#### RECORDS FOR THE EXERCISE ####

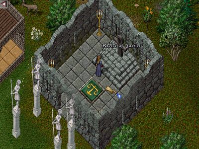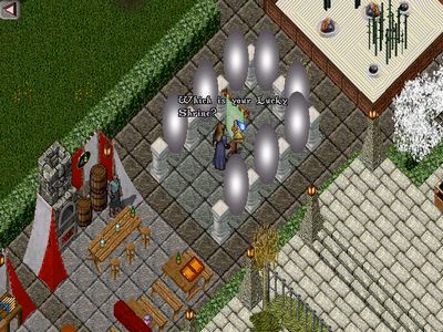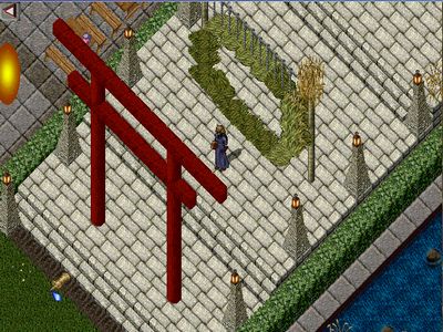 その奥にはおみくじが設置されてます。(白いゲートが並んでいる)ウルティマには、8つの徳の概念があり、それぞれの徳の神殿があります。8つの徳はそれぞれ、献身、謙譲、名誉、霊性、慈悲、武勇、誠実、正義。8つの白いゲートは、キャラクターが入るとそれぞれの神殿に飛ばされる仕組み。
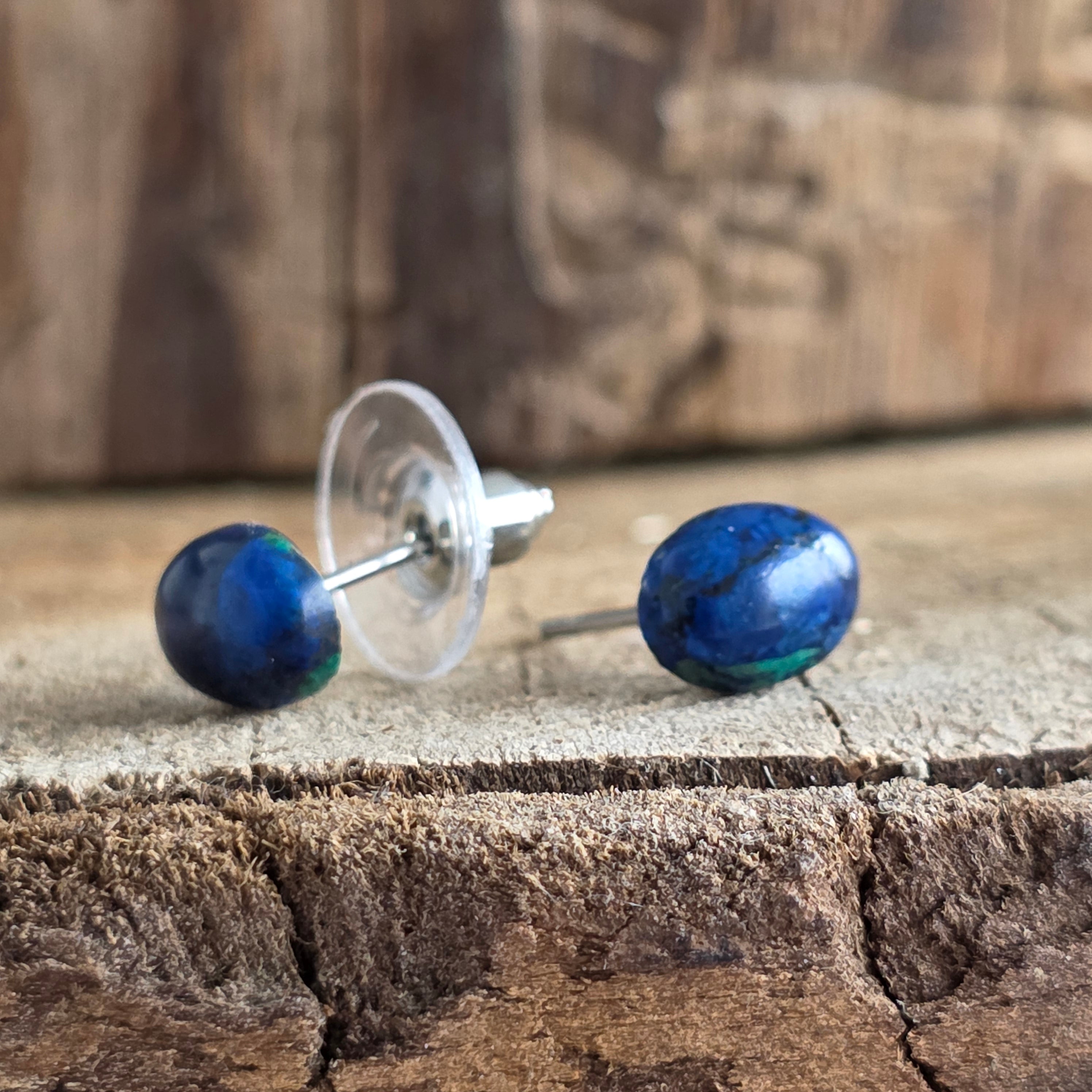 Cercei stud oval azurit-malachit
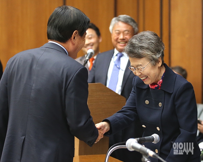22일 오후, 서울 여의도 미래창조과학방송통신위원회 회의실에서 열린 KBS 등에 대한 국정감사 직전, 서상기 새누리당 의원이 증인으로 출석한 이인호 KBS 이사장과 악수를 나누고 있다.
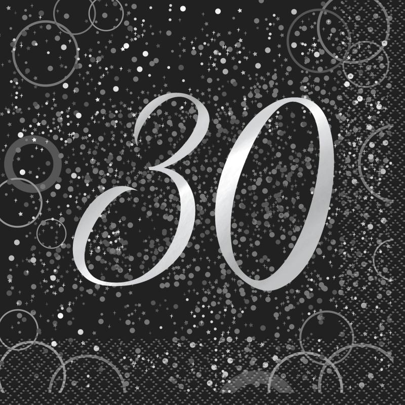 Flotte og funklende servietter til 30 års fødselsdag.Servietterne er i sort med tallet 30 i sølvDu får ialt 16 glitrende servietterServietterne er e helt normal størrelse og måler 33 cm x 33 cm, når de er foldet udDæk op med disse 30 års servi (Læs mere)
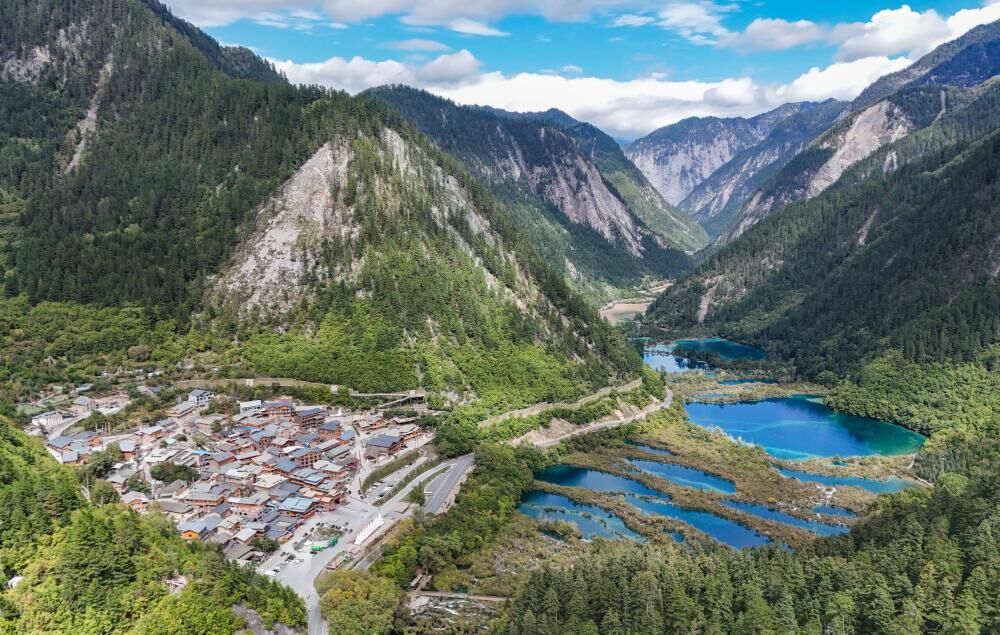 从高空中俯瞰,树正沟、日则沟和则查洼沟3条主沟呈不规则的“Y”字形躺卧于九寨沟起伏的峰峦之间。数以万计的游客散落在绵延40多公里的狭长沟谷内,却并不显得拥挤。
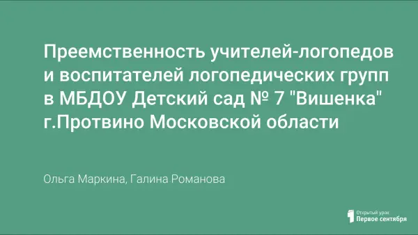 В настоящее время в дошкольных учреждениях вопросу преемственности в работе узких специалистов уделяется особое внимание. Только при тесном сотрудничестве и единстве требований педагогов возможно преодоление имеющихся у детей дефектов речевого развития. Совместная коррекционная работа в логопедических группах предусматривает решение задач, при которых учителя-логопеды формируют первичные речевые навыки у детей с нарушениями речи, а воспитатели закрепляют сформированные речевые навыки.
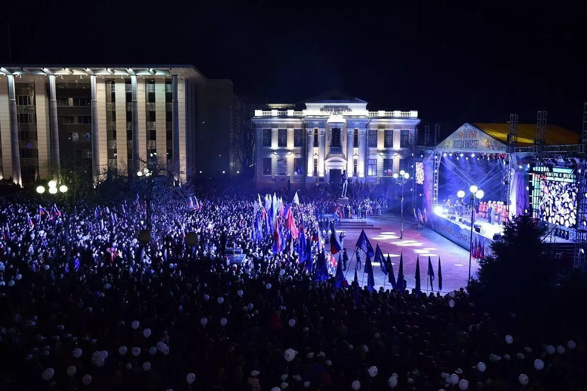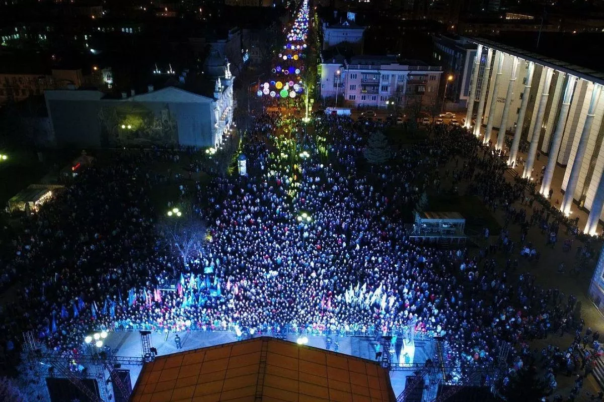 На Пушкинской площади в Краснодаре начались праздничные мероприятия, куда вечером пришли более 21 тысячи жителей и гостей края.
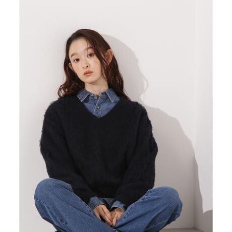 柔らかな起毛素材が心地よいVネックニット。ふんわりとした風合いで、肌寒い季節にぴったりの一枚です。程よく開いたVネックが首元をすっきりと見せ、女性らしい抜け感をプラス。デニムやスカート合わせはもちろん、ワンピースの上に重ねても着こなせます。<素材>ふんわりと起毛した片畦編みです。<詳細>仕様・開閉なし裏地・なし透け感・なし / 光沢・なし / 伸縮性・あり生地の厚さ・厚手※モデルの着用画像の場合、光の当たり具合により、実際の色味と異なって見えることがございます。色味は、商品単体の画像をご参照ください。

####

▶ EXERCISE REQUIREMENTS
All of the lines above should be copied exactly, apart from the pictures.

▶ WRITTEN ANSWER
 その奥にはおみくじが設置されてます。(白いゲートが並んでいる)ウルティマには、8つの徳の概念があり、それぞれの徳の神殿があります。8つの徳はそれぞれ、献身、謙譲、名誉、霊性、慈悲、武勇、誠実、正義。8つの白いゲートは、キャラクターが入るとそれぞれの神殿に飛ばされる仕組み。
 Cercei stud oval azurit-malachit
22일 오후, 서울 여의도 미래창조과학방송통신위원회 회의실에서 열린 KBS 등에 대한 국정감사 직전, 서상기 새누리당 의원이 증인으로 출석한 이인호 KBS 이사장과 악수를 나누고 있다.
 Flotte og funklende servietter til 30 års fødselsdag.Servietterne er i sort med tallet 30 i sølvDu får ialt 16 glitrende servietterServietterne er e helt normal størrelse og måler 33 cm x 33 cm, når de er foldet udDæk op med disse 30 års servi (Læs mere)
 从高空中俯瞰,树正沟、日则沟和则查洼沟3条主沟呈不规则的“Y”字形躺卧于九寨沟起伏的峰峦之间。数以万计的游客散落在绵延40多公里的狭长沟谷内,却并不显得拥挤。
 В настоящее время в дошкольных учреждениях вопросу преемственности в работе узких специалистов уделяется особое внимание. Только при тесном сотрудничестве и единстве требований педагогов возможно преодоление имеющихся у детей дефектов речевого развития. Совместная коррекционная работа в логопедических группах предусматривает решение задач, при которых учителя-логопеды формируют первичные речевые навыки у детей с нарушениями речи, а воспитатели закрепляют сформированные речевые навыки.
 На Пушкинской площади в Краснодаре начались праздничные мероприятия, куда вечером пришли более 21 тысячи жителей и гостей края.
 柔らかな起毛素材が心地よいVネックニット。ふんわりとした風合いで、肌寒い季節にぴったりの一枚です。程よく開いたVネックが首元をすっきりと見せ、女性らしい抜け感をプラス。デニムやスカート合わせはもちろん、ワンピースの上に重ねても着こなせます。<素材>ふんわりと起毛した片畦編みです。<詳細>仕様・開閉なし裏地・なし透け感・なし / 光沢・なし / 伸縮性・あり生地の厚さ・厚手※モデルの着用画像の場合、光の当たり具合により、実際の色味と異なって見えることがございます。色味は、商品単体の画像をご参照ください。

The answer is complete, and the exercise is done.